*** Begin section ***

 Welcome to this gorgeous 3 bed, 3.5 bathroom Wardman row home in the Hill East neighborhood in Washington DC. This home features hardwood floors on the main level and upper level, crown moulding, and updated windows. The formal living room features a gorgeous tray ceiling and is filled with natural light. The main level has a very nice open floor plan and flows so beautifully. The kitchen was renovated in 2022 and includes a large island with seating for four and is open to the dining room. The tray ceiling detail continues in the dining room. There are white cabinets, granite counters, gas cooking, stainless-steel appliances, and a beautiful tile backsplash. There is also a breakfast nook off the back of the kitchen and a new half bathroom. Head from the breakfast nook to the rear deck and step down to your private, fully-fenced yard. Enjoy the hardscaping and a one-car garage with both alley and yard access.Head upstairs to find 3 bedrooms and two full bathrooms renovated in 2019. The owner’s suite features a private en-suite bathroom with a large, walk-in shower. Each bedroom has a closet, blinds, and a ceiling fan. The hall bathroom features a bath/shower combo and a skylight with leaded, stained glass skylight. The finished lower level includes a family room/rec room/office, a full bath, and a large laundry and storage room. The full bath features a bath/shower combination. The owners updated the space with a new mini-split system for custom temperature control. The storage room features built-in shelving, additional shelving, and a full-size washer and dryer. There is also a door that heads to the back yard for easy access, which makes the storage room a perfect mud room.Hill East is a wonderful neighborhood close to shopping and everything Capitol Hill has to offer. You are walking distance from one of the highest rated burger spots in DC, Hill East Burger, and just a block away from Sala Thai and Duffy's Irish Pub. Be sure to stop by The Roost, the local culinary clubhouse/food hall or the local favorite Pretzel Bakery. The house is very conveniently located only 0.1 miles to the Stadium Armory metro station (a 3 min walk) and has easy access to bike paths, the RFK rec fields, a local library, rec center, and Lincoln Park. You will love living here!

*** End section ***
*** Begin section ***

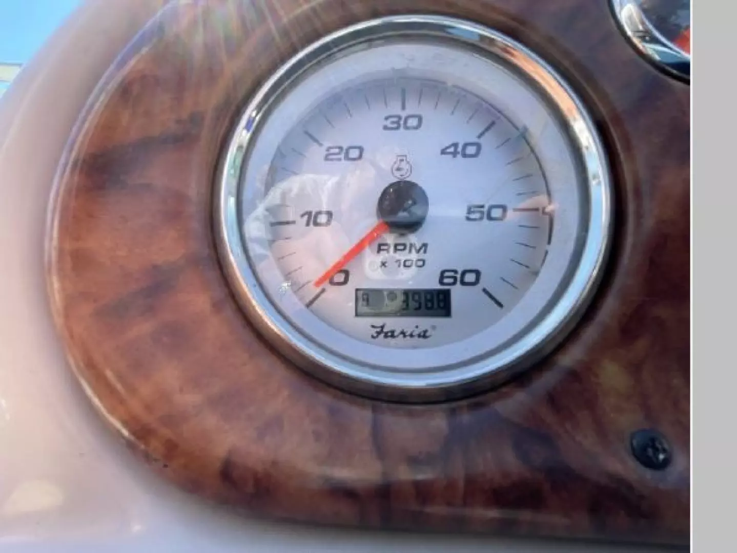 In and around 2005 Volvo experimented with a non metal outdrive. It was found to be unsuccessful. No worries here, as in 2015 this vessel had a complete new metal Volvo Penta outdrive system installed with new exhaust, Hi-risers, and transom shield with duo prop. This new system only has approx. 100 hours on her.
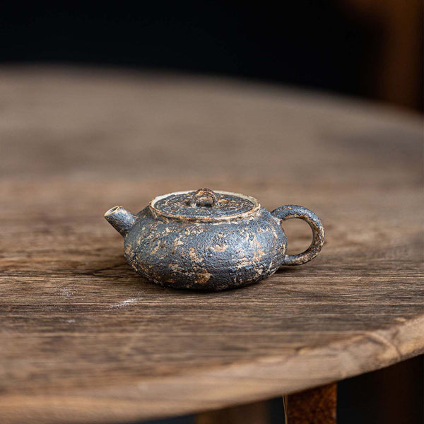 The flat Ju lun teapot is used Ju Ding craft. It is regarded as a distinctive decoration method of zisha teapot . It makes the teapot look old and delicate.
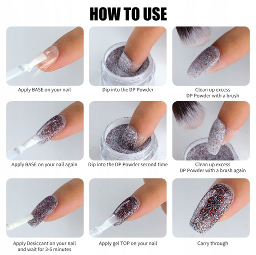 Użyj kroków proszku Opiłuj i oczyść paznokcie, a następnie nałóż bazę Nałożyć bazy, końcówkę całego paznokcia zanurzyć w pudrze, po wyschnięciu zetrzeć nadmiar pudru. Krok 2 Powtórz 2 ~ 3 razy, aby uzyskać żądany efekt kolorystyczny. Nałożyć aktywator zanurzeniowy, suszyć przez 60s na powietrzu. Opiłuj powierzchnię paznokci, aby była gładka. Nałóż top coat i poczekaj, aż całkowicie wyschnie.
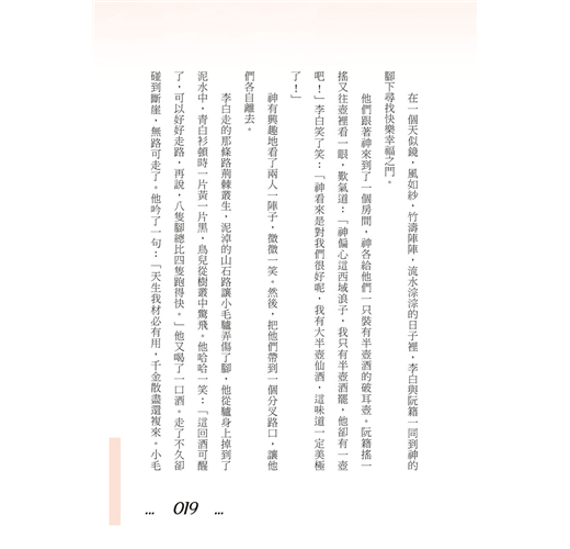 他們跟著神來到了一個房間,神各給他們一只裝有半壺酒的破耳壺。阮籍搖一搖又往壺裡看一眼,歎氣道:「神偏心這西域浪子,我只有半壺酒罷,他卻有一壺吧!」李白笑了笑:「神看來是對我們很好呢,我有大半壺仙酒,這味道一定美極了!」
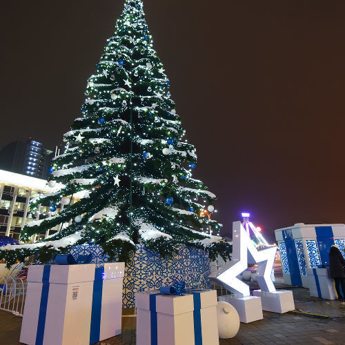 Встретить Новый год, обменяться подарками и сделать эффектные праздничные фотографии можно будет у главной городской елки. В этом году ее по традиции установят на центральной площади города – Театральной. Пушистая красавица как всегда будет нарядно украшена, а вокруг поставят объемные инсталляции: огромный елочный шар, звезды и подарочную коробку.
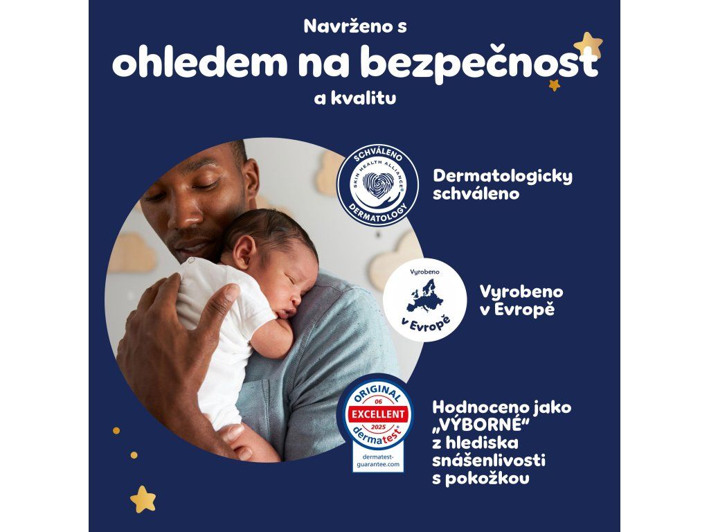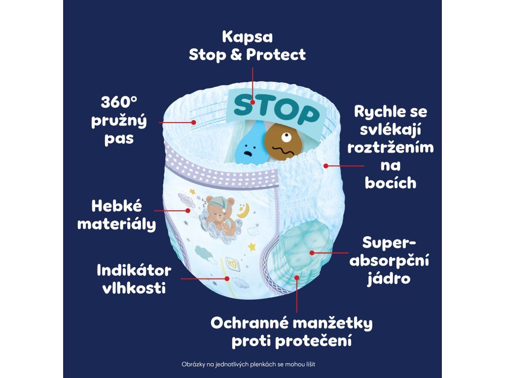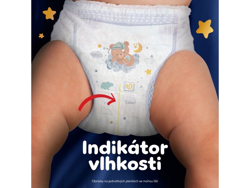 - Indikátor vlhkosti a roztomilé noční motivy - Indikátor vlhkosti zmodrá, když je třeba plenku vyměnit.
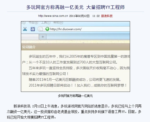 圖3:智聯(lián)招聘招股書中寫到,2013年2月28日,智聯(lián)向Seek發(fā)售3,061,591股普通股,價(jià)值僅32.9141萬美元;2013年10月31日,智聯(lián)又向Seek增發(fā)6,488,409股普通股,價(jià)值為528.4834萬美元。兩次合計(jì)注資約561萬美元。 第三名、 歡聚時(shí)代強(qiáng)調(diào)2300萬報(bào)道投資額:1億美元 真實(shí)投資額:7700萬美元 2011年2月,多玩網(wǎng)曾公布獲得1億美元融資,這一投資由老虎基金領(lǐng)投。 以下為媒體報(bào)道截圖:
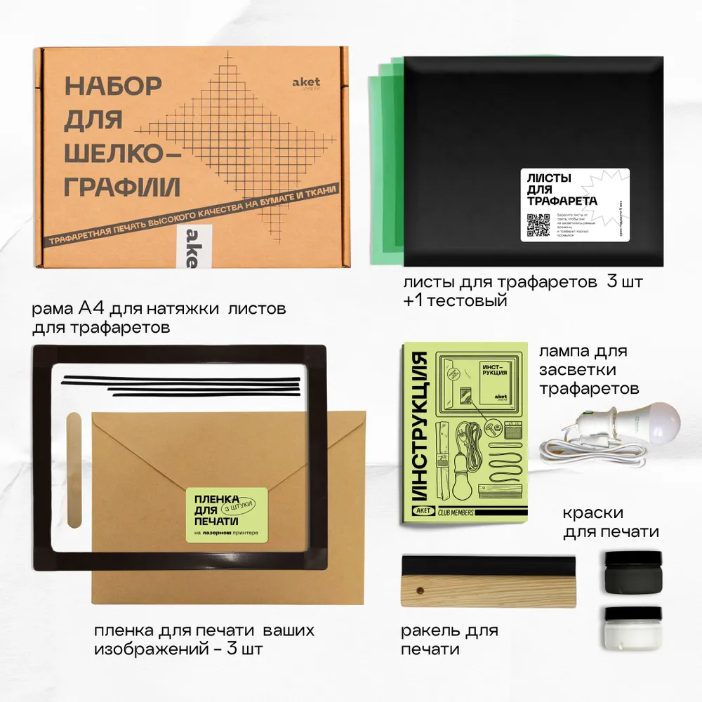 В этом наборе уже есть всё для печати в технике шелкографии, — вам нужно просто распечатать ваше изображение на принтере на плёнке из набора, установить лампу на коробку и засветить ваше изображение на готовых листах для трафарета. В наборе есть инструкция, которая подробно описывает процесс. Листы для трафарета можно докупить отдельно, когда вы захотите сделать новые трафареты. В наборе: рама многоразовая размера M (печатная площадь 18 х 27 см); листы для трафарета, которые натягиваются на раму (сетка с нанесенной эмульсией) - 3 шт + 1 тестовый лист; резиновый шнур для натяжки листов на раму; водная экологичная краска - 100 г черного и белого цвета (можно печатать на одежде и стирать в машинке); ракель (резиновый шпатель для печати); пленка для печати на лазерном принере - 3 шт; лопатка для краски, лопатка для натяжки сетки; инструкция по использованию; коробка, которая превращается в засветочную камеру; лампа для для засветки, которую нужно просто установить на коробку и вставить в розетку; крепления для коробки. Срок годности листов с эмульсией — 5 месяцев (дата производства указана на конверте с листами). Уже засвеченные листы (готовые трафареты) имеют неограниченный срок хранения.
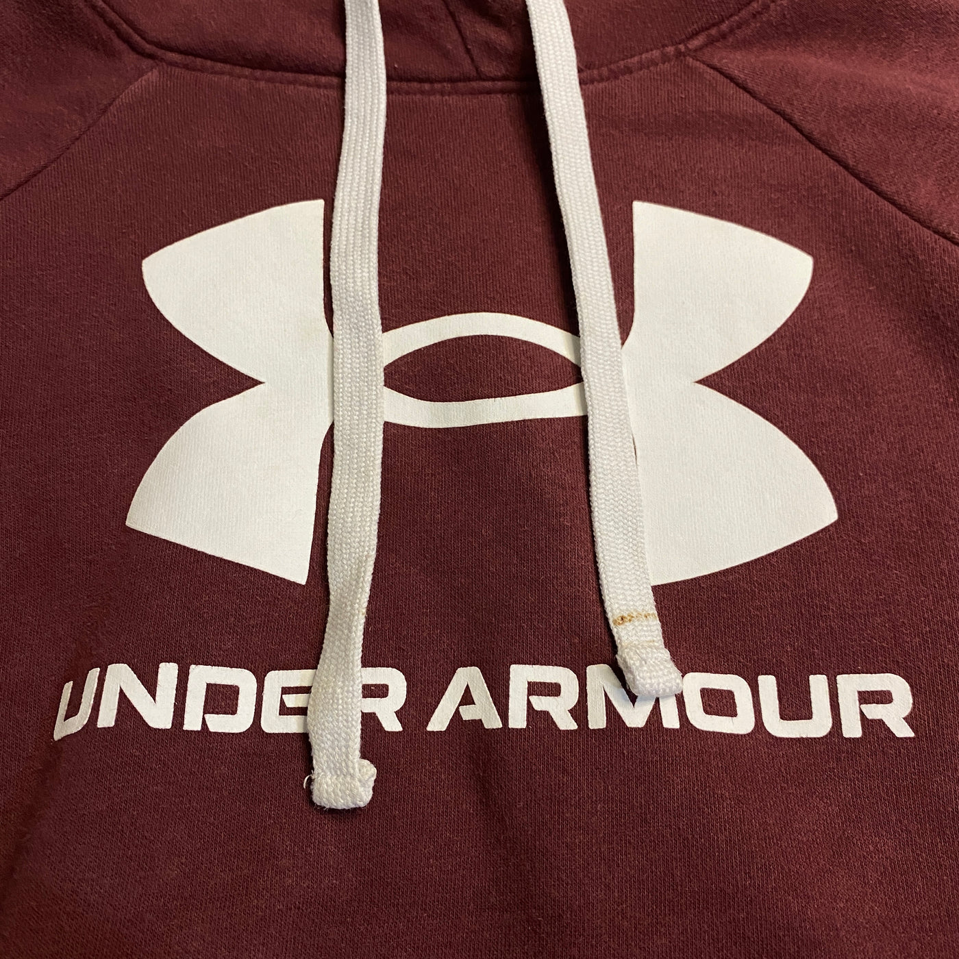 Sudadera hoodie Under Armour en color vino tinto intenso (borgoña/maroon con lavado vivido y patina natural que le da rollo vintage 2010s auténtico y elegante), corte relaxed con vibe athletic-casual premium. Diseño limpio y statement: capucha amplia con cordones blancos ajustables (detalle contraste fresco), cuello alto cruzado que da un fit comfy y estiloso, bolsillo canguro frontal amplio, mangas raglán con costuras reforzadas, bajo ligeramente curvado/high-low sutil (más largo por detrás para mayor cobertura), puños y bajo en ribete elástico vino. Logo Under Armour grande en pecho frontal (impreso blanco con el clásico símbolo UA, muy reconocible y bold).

*** End section ***

§ **The problem**
Go back to the listing above and write out the lines starting at the one with "In and around" and ending at the one with "他們跟著神來到了一個房間,神", inclusive, exactly and without pictures.

§ **Your solution**
 In and around 2005 Volvo experimented with a non metal outdrive. It was found to be unsuccessful. No worries here, as in 2015 this vessel had a complete new metal Volvo Penta outdrive system installed with new exhaust, Hi-risers, and transom shield with duo prop. This new system only has approx. 100 hours on her.
 The flat Ju lun teapot is used Ju Ding craft. It is regarded as a distinctive decoration method of zisha teapot . It makes the teapot look old and delicate.
 Użyj kroków proszku Opiłuj i oczyść paznokcie, a następnie nałóż bazę Nałożyć bazy, końcówkę całego paznokcia zanurzyć w pudrze, po wyschnięciu zetrzeć nadmiar pudru. Krok 2 Powtórz 2 ~ 3 razy, aby uzyskać żądany efekt kolorystyczny. Nałożyć aktywator zanurzeniowy, suszyć przez 60s na powietrzu. Opiłuj powierzchnię paznokci, aby była gładka. Nałóż top coat i poczekaj, aż całkowicie wyschnie.
 他們跟著神來到了一個房間,神各給他們一只裝有半壺酒的破耳壺。阮籍搖一搖又往壺裡看一眼,歎氣道:「神偏心這西域浪子,我只有半壺酒罷,他卻有一壺吧!」李白笑了笑:「神看來是對我們很好呢,我有大半壺仙酒,這味道一定美極了!」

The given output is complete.